- **Available records**
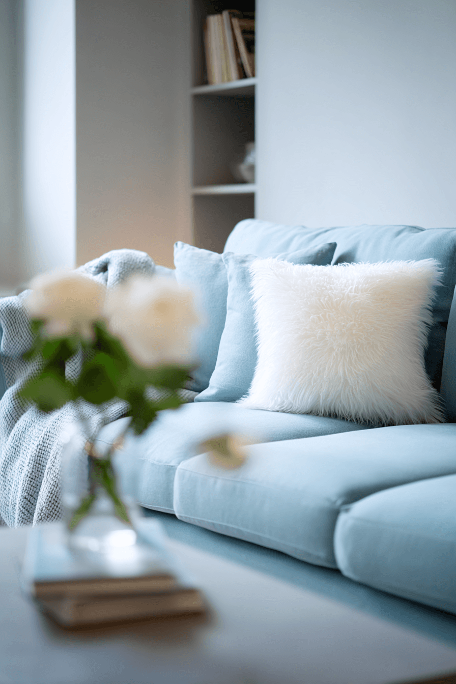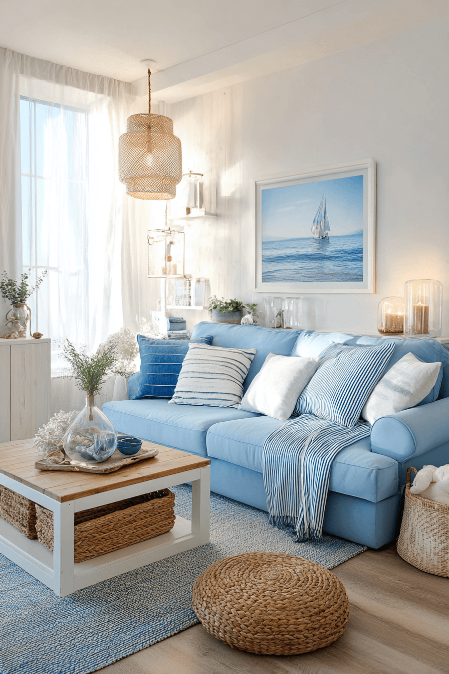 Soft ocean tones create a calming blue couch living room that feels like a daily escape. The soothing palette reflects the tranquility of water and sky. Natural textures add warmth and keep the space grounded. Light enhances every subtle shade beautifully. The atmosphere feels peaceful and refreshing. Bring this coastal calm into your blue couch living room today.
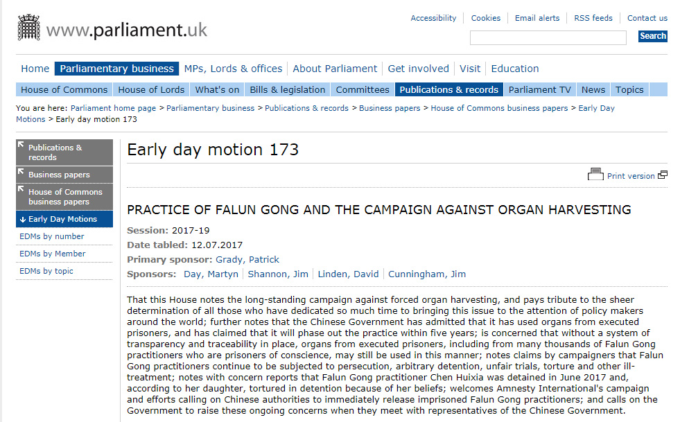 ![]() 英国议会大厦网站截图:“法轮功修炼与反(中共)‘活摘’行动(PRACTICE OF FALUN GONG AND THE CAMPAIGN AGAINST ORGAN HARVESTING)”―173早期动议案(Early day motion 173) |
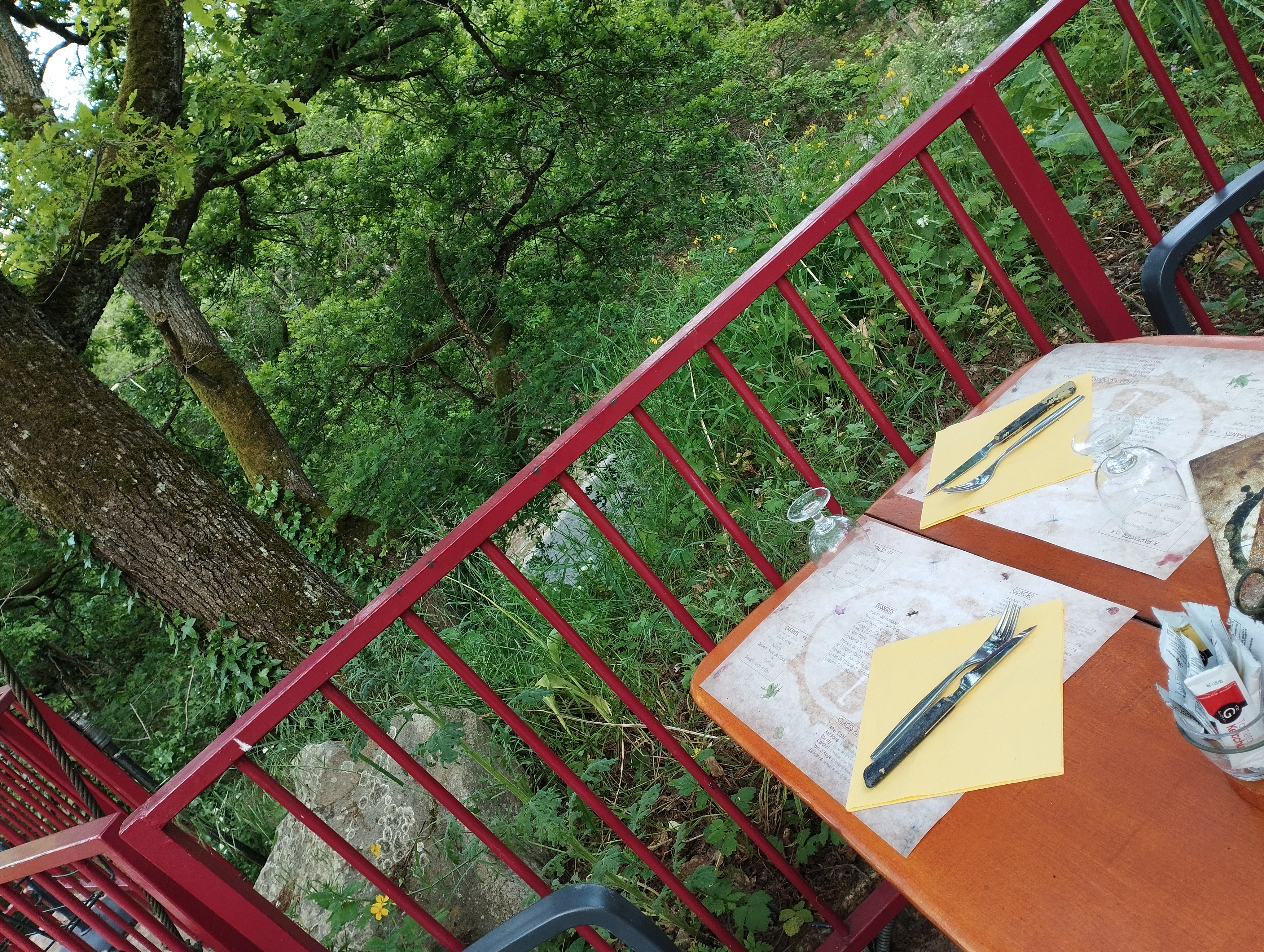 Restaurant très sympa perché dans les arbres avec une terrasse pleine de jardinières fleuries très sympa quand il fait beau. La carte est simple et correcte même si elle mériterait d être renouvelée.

--

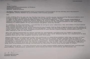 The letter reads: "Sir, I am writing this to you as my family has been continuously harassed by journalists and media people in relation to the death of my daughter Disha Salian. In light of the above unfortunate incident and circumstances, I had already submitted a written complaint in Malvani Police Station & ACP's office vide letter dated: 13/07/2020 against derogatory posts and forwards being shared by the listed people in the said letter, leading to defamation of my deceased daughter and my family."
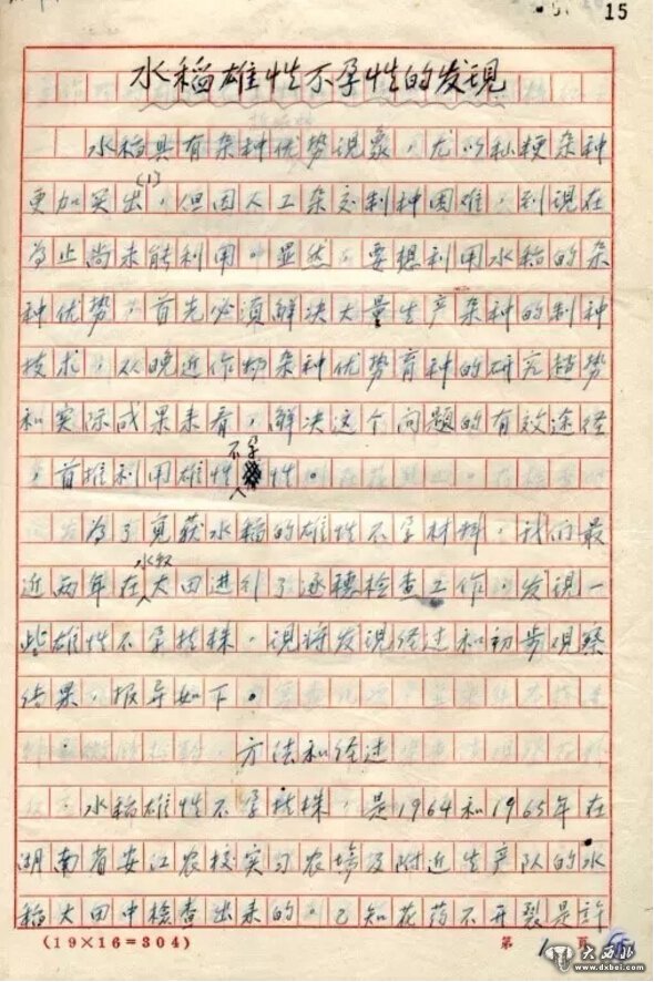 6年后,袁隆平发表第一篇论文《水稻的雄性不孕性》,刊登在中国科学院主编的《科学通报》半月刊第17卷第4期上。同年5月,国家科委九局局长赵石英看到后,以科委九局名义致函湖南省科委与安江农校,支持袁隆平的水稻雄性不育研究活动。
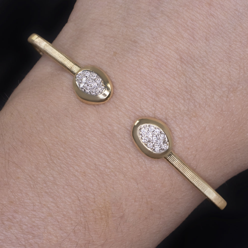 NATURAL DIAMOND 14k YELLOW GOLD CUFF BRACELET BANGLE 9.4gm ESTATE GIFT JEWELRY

- **Task directions**
Your answer should be the lines above, word for word, from the line with "6年后,袁隆平发表第一篇论文" through the line with "NATURAL DIAMOND 14k", minus the pictures.

- **Your response**
 6年后,袁隆平发表第一篇论文《水稻的雄性不孕性》,刊登在中国科学院主编的《科学通报》半月刊第17卷第4期上。同年5月,国家科委九局局长赵石英看到后,以科委九局名义致函湖南省科委与安江农校,支持袁隆平的水稻雄性不育研究活动。
 NATURAL DIAMOND 14k YELLOW GOLD CUFF BRACELET BANGLE 9.4gm ESTATE GIFT JEWELRY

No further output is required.